The plates are corrugated (not flat) for two reasons: corrugations stiffen the plate against the static head, and they create longitudinal flow channels that prevent cross-flow eddies. The corrugation pitch (50–100 mm typical) does not affect Ah directly.

5. Reynolds re-entrainment

The whole sedimentation concept assumes laminar flow in the channels — turbulent eddies would re-disperse the oil droplets that have coalesced into the underside-of-plate film. Channel Reynolds:

Re = ρw · vaxial · Dh / μw ; Dh ≈ 2 · spacing

Industry guidance:

  • Re < 500: laminar, no re-entrainment — design target.
  • 500 < Re < 2,000: transitional — some re-entrainment, derate effective droplet capture.
  • Re > 2,000: turbulent — CPI is not effective; add modules to reduce vaxial.

6. Where CPI sits in the produced-water train

StageInlet oil mg/LOutlet oil mg/LCaptures droplets ≥
Skim tank5,000–50,000500–1,500150 µm
CPI / API plate pack500–1,50030–10060 µm
Hydrocyclone200–50020–5015 µm
DAF / IGF50–2005–205 µm
Walnut-shell filter10–502–102 µm

A typical SWD-pad train is FWKO → CPI → hydrocyclone → degassing tank → injection.
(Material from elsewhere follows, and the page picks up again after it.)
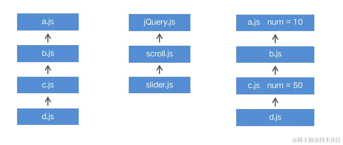 - 如果模块后缀省略,先找同名JS文件再找同名JS文件夹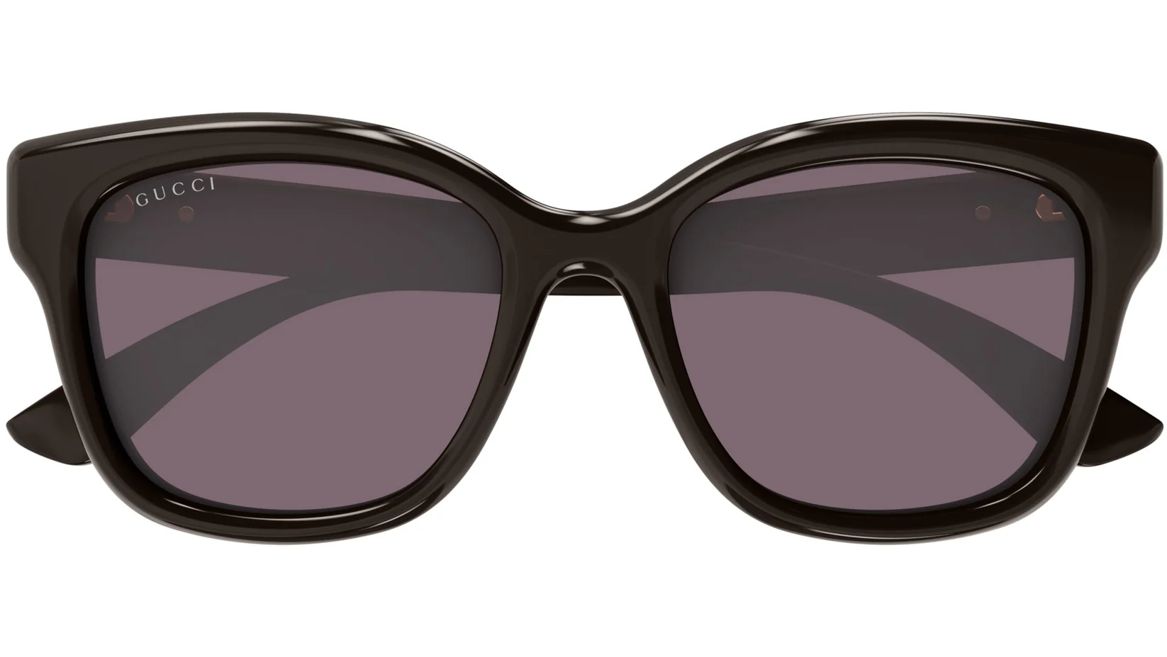 Γυναικεία γυαλιά ηλίου Gucci με καφέ κοκκάλινο σκελετό και μωβ φακούς σε σχήμα πεταλούδα.

Refineries use CPI as the first stage in the wastewater plant, ahead of DAF and biological treatment.

7. References

  • API Publication 421 — Design and Operation of Oil-Water Separators (Mgmt of Water Discharges).
  • Stokes, G.G. (1851). "On the effect of internal friction of fluids on the motion of pendulums." Trans. Camb. Phil. Soc. 9.
  • Hazen, A. (1904). "On sedimentation." Trans. ASCE 53, 45.
  • Frankiewicz, T. & Browne, M. (2002). "Use of CPI separators in the petroleum industry." SPE Production & Facilities.
  • Manning, F.S. & Thompson, R.E. (1995). Oilfield Processing of Petroleum Vol. 2, Ch. 7 — Water Treating.
  • Vendor literature: Pielkenrood, Monosep, Cameron, Forum Energy.